Start of Information supplied

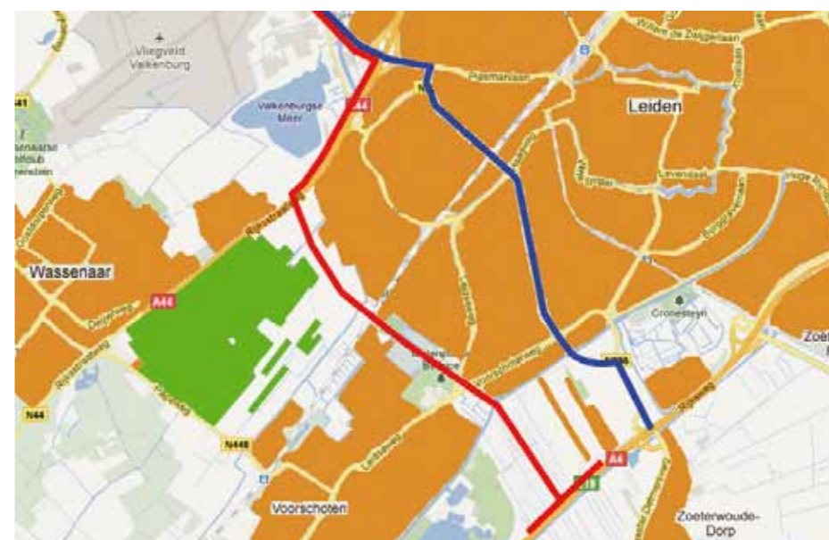
De twee mogelijke tracés voor de Rijnlandroute: Churchill Avenue (Blauw) en het poldertracé (rood). Het Wassenaarse bezit van Twickel is groen gekleurd.
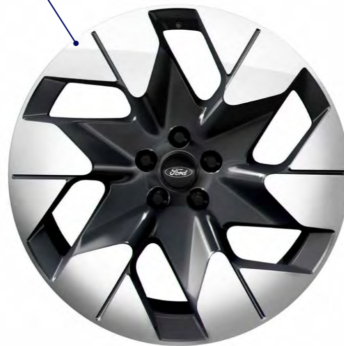
20 inch lichtmetalen velgen met aerodynamisch design in Asphalt Matt / Bright Machined
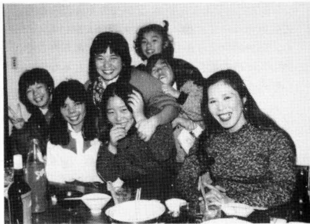
◀パーティはみんなの楽しみ (左から3番目が筆者)
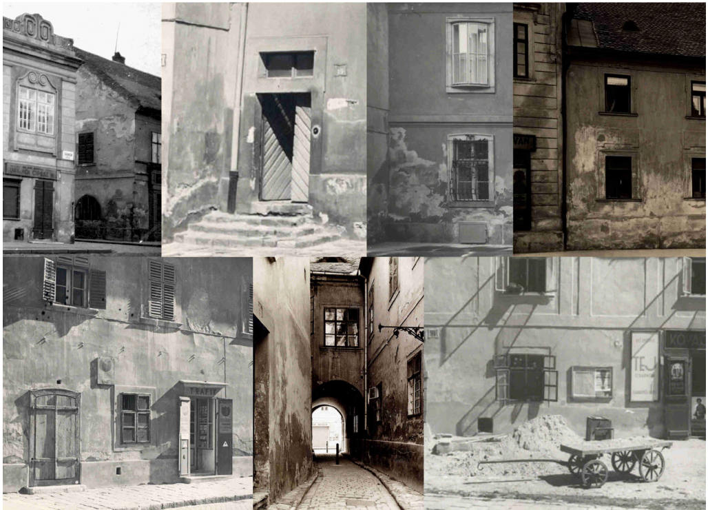
2. ábra. Elhanyagolt részletek a polgárvárosban (Összeállította: Maróty Katalin)

Ha a polgárváros képét tekintjük és az archív fotókon – a legkorábbi fényképfelvételektől egészen a II. világháborúig – az apró részletekre koncentrálunk, akkor meglepetéssel tapasztaljuk, hogy mennyi helyen omlott a vakolat, ázott a lábazat, pattogzott a festék (2. ábra). Óhatatlanul felvetődik a kérdés, hogy miért nem vigyáztak a történeti értékekre egy olyan korszakban, amikor maga az architektúra is a történetiséghez kötődött? Egyrészt emlékezetünkbe kell idéznünk azt a közismert tényt, hogy az egyes objektumok számos régebbi műrészlete csak a II. világháború pusztításai nyomán vált láthatóvá és ismertté. A vári lakóépületek közül igen sok leginkább jellegtelennek tűnt korszakunkban. Másrészt mindenképpen figyelembe kell vennünk, hogy a korszak műemlékvédelme a 20. század második feléhez képest nagyon eltérő helyzetben volt. Az inventarizáció a kezdeteknél tartott, az első országos jegyzék 1906-ra készült el. 3 A helyreállítások szemléletében a purizmust lassan váltotta fel a különböző időszakokat egyaránt értékelő tervezés, ráadásul – hiszen a kezdetekről beszélünk – a beavatkozások a legfontosabb nagy
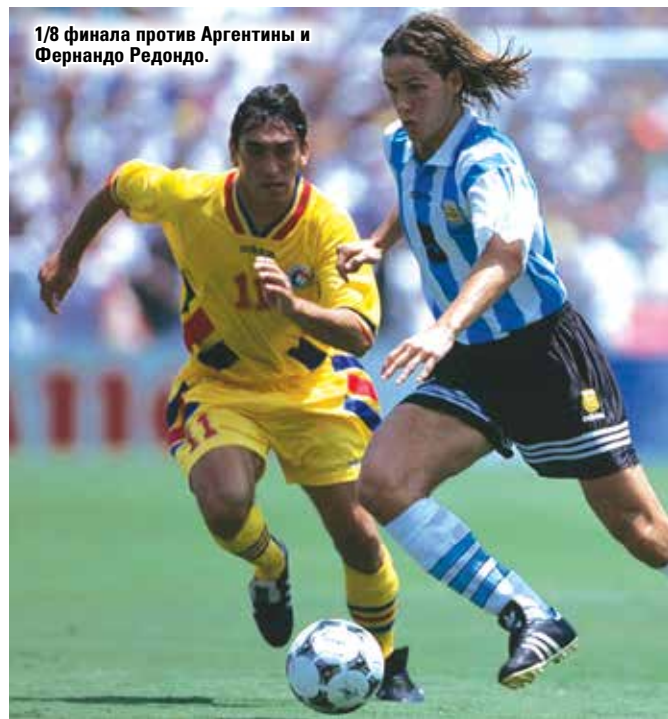
1/8 финала против Аргентины и Фернандо Редондо.

Помимо этого, у нас была очень дисциплинированная и организованная оборона во главе с Миодрагом Белодедичи, двукратным победителем Кубка чемпионов. В каждой линии были фантастические исполнители – Георге Попеску, Йоан Лупеску. Они отлично соединяли защиту и атаку.
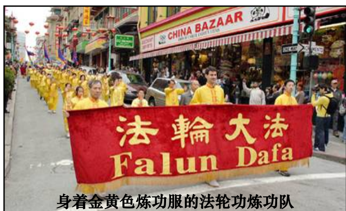
身着金黄色炼功服的法轮功炼功队
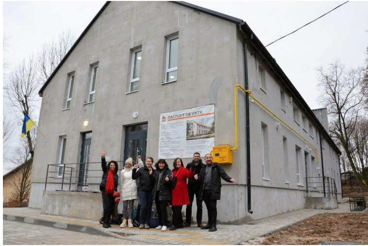
Det nye socialcenter fejres
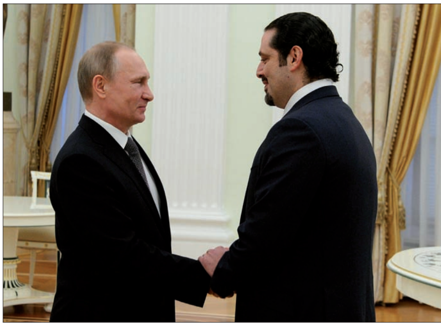
بوتين مستقبلاً الحريري في الكرملين (الداخلي ونهرا)

ويفتح الأفاق لحل سياسي يقوم على ما قدمه الرئيس الأسد من مبادرة للدعوة إلى انتخابات رئاسية مبكرة، يمكن للسعودية اعتبارها قبولاً للتخني وإعادة الترشح، وهذا حل لا يمكن رفضه أو الوقوف بوجهه لأن البقاء خارجة سيعني البقاء خارج قطار الجول، فكان الجواب السعودي باعتبار روسيا وسيطاً نزيهاً في الحل السياسي وتثبيت الهدنة، وهو ما أسس لترتيب لقاء الحريري بالرئيس الروسي، رغم عدم وجود موعد مسبق، لترجمة إعلان الحريري بالأصالة عن نفسه وبالوكالة عن السعودية بتأييد المساعي الروسية للحل السياسي في سورية، بعدما كان خطاب الحريري كما الخطاب السعودي، يتعاملان مع الدور الروسي في سورية بصفته عدواناً واحتلالاً. فعرض الرئيس بوتين، وفقاً لمصادر إعلامية روسية، أن يترجم التعاون السعودي الروسي في لبنان حيث الحرب على الإرهاب ترتبط عضوياً بالحرب في سورية، وحيث يستحيل الحصول على دعم جوي غربي في أجواء متداخلة مع سورية، وروسيا مستعدة لتقديم هذا الدعم إذا حصلت على طلب رسمي من الحكومة اللبنانية، التي يملك الرئيس الحريري والسعودية حق الفيتو على اتخاذها قراراً كهذا، سبق أن عطلوا مثله من التنسيق العسكري السوري اللبناني مراراً، وكانت الحصيلة إعلان الحريري أهمية التعاون العسكري الروسي اللبناني في الحرب على الإرهاب.
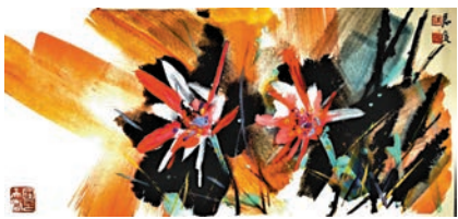
●新概念的荷花 作者供圖

對生活的熱愛、對自然的敬畏以及對藝術的執著追求。荷花在畫家的筆下, 可能成為一種象徵, 代表著純潔、寧靜、堅韌; 也可能成為一種情感的寄託, 傳達著喜悅、憂傷、沉思。觀賞這樣的畫作, 觀者不再僅僅是看到了荷花的形象, 更是走進了畫家的內心世界, 與之產生共鳴和對話。新概念的荷花繪畫, 也可以拓展和改變觀賞者的審美觀念。它讓大家明白, 藝術之美並非僅僅存在於表象的華麗與逼真, 更在於其背後所蘊含的精神內涵和情感力量。當我們學會用心靈去感受一幅畫, 用想像去填補畫面之外的空白, 我們才能真正領略到藝術的魅力和價值。在這個追求創新和個性的時代, 意足不求顏色似的理念為藝術創作注入了新的活力。它讓我們勇敢地探索未知, 打破束縛, 用獨特的視角和表現手法展現出荷花別樣的風采。同時, 也讓我們對藝術有了更深刻的思考和更廣闊的視野, 讓我們在紛繁複雜的世界中, 依然能夠通過藝術尋找到那份純粹與美好。
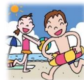
あおぞら学級「国語」
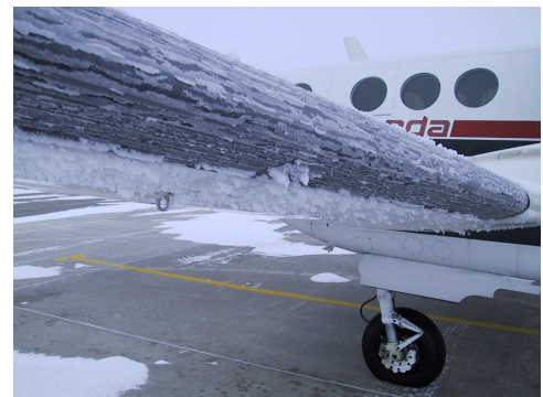
Givrage en vol

Sous l'effet du choc contre les parois de l'avion exposées au vent relatif (nez, bord d'attaque des ailes, entrée d'air des moteurs, hélices...), l'eau liquide se transforme en glace qui s'accumule sur l'avion.
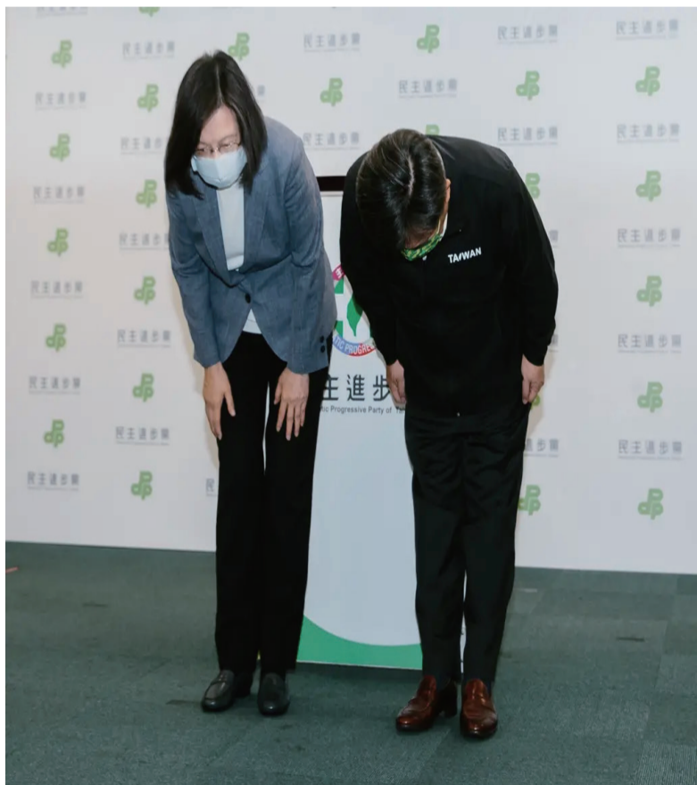
蔡英文于26日晚间宣布辞去党主席一职，以示对该党在台湾地区“九合一”选举中的表现负责
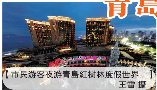
【市民游客夜游青島紅樹林度假世界。】

今夏旅游旺季，伴隨着海洋光影狂歡節的啓動，青島紅樹林度假世界燈光與星光交相輝映，音樂與海風纏綿相伴，多維炫酷的空間和超越視覺的光影景觀，6000多平方米的紅樹林小鎮廣場化身光影王國，整個度假區流光溢彩。除節目期間呈現的樓體秀、無人機表演，平日的青島

End of Information supplied

Task description: In the entries above, find each line with the word "ábra" and copy it.

Solution for this task:
2. ábra. Elhanyagolt részletek a polgárvárosban (Összeállította: Maróty Katalin)
Ha a polgárváros képét tekintjük és az archív fotókon – a legkorábbi fényképfelvételektől egészen a II. világháborúig – az apró részletekre koncentrálunk, akkor meglepetéssel tapasztaljuk, hogy mennyi helyen omlott a vakolat, ázott a lábazat, pattogzott a festék (2. ábra). Óhatatlanul felvetődik a kérdés, hogy miért nem vigyáztak a történeti értékekre egy olyan korszakban, amikor maga az architektúra is a történetiséghez kötődött? Egyrészt emlékezetünkbe kell idéznünk azt a közismert tényt, hogy az egyes objektumok számos régebbi műrészlete csak a II. világháború pusztításai nyomán vált láthatóvá és ismertté. A vári lakóépületek közül igen sok leginkább jellegtelennek tűnt korszakunkban. Másrészt mindenképpen figyelembe kell vennünk, hogy a korszak műemlékvédelme a 20. század második feléhez képest nagyon eltérő helyzetben volt. Az inventarizáció a kezdeteknél tartott, az első országos jegyzék 1906-ra készült el. 3 A helyreállítások szemléletében a purizmust lassan váltotta fel a különböző időszakokat egyaránt értékelő tervezés, ráadásul – hiszen a kezdetekről beszélünk – a beavatkozások a legfontosabb nagy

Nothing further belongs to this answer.